Ibn al-Qayyim (moge Allah genadig met hem zijn) zei: Het is de moslims niet toegestaan de feesten van de mushrikeen bij te wonen volgens de concensus van de respectabele geleerden. De Fuqaha (rechtsgeleerden) die de 4 wetscholen (madhab) volgen, hebben dit duidelijk in hun boeken vermeldAl-Bayhaqi leverde over met een sahih isnaad (betrouwbare keten van overleveraars) van Umar ibn al-Khattab dat deze zei: Ga niet naar de mushrikeen in hun kerken op de dagen van hun feesten, want de Goddelijke Toorn daalt over hen neer. En Umar zei ook: Vermijdt de vijanden van Allah op hun feesten.Al-Bayhaqi leverde met een jayyid isnaad over van AbdAllah ibn Amr dat deze zei: Wie zich vestigt in een land van niet-Arabieren en hun nieuw jaar en feesten viert en hen imiteert en in deze staat sterft, zal met hen verzameld worden op de Dag der Opstanding. (ahkaam ahl al-dhimma , 1/723-724)


De ongelovigen feliciteren met Kerstmis of andere van hun feestdagen is haraam, volgens alle geleerden.

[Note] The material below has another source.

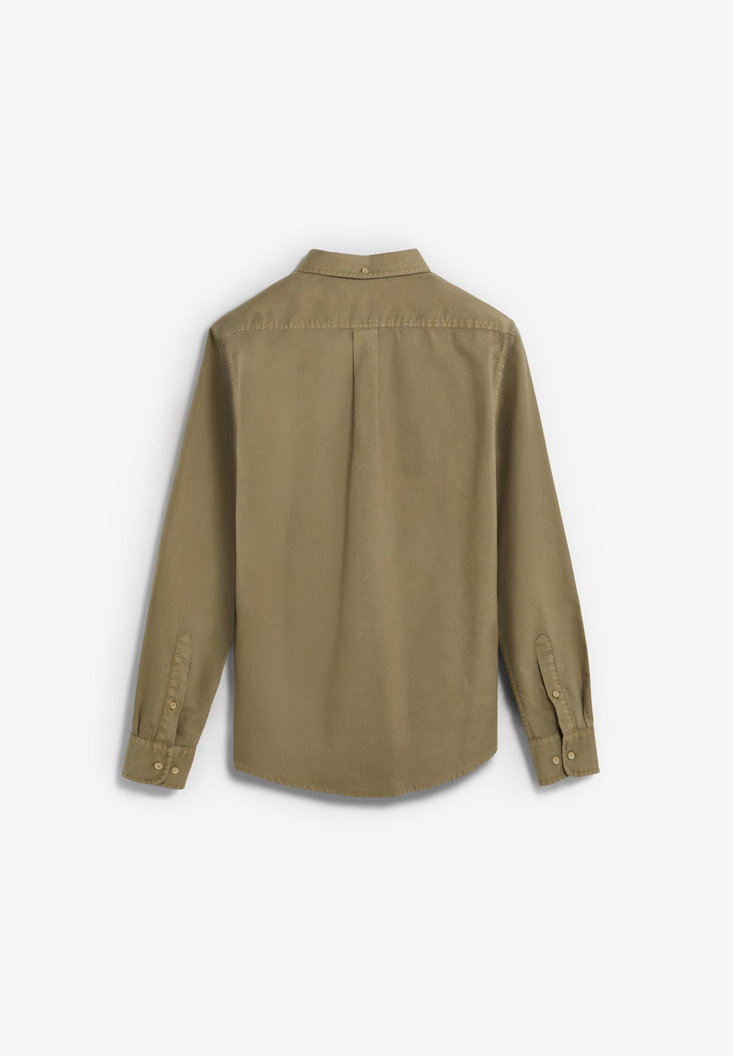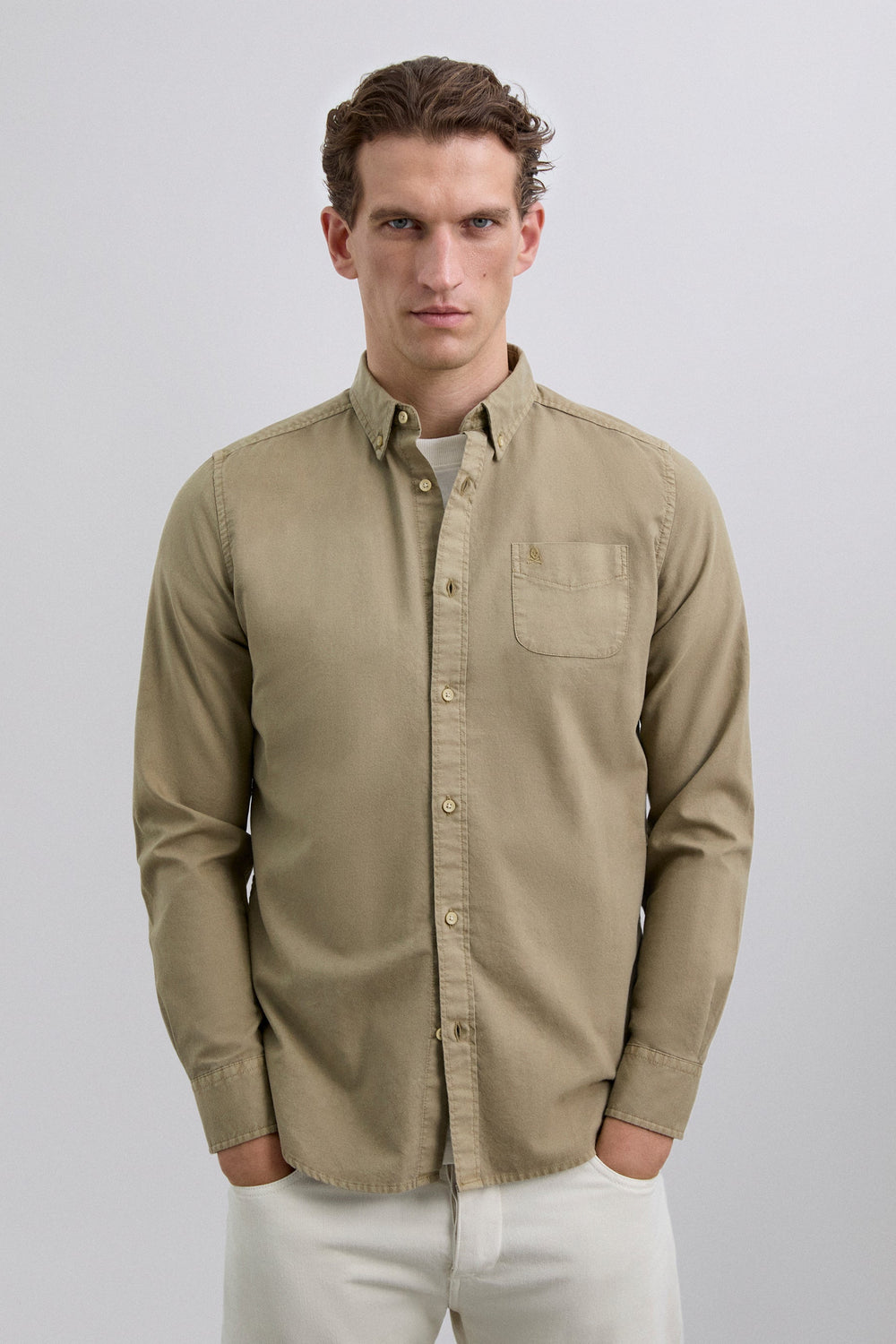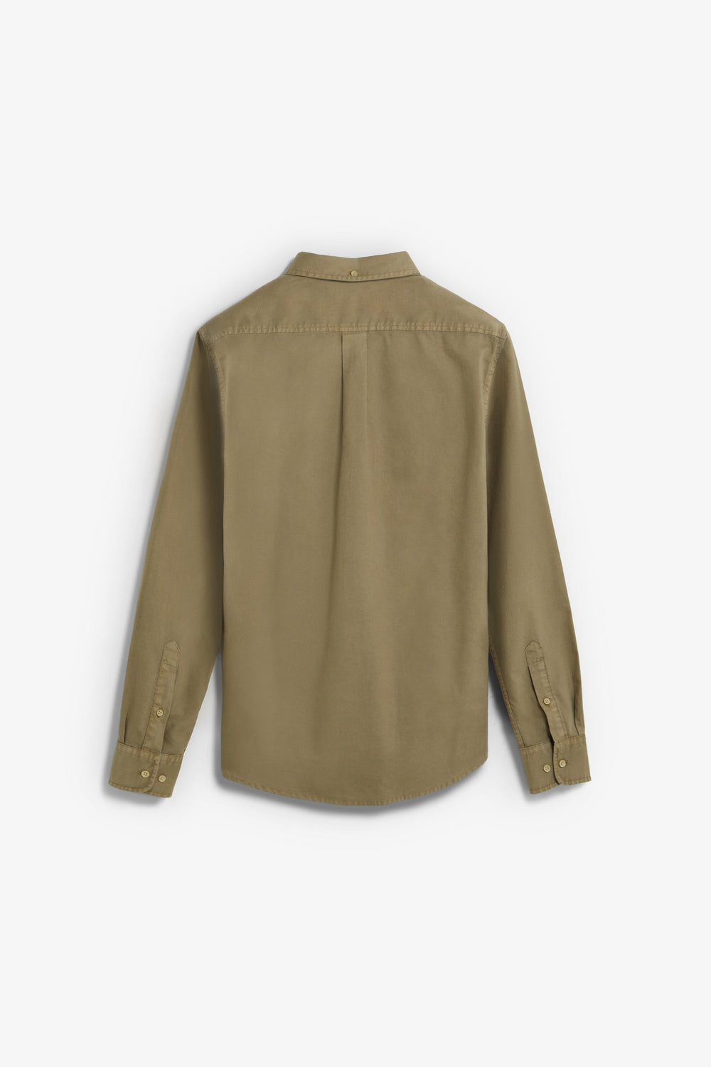 Camisa confeccionada en 100% Algodón BCI. Corte Regular fit. Detalle calavera bordada a tono en pecho. Cuello con botones. Manga larga terminada en puño con botones. Bolsillo tipo parche en pecho. Cierre frontal con botones.

Ibn al-Qayyim (moge Allah genadig met hem zijn) zei in ahkaam al-dhimma: De kuffaar feliciteren met rituelen die alleen bij hen horen is haraam, net als hen feliciteren met hun feesten en vasten door te zeggen: prettige feestdagen of veel plezier met je feestof iets dergelijks. Als degene die dit zegt gered is van kufr (dus moslim is) is dit nog steeds verboden. Het is als iemand feliciteren met het buigen voor het kruis of erger dan dat. Het is een net zo grote zonde als het feliciteren van iemand die wijn drinkt, of vermoord heeft of onwettige sexuele relaties heeft enz. Velen van degene die geen respect voor hun religie hebben, vallen in deze valkuil; zij realiseren zich het beledigende van deze handelingen niet. Wie iemand feliciteert met zijn ongehoorzaam of bidah (toevoegingen) of kufr (ongeloof) stelt zichzelf bloot aan de Toorn en Woede van Allah.
Het feliciteren van de kuffaar op hun feestdagen is haraam in de mate zoals ibn al-Qayyim beschrijft, omdat het impliceert dat iemand deze handelingen van kufr accepteert of goedkeurt, zelfs als men deze handelingen niet accepteert voor zichzelf. De moslim zou geen daden van kufr moeten accepteren of goedkeuren, want Allah zal niets van dit accepteren, zoals Hij zegt (interpretatie van de betekenis): Als jullie niet geloven; voorwaar Allah heeft jullie niet nodig. En de ondankbaarheid van Zijn dienaren behaagt Hem niet; maar wanneer jullie dankbaar zijn dan heeft Hij behagen in jullie. (39:7)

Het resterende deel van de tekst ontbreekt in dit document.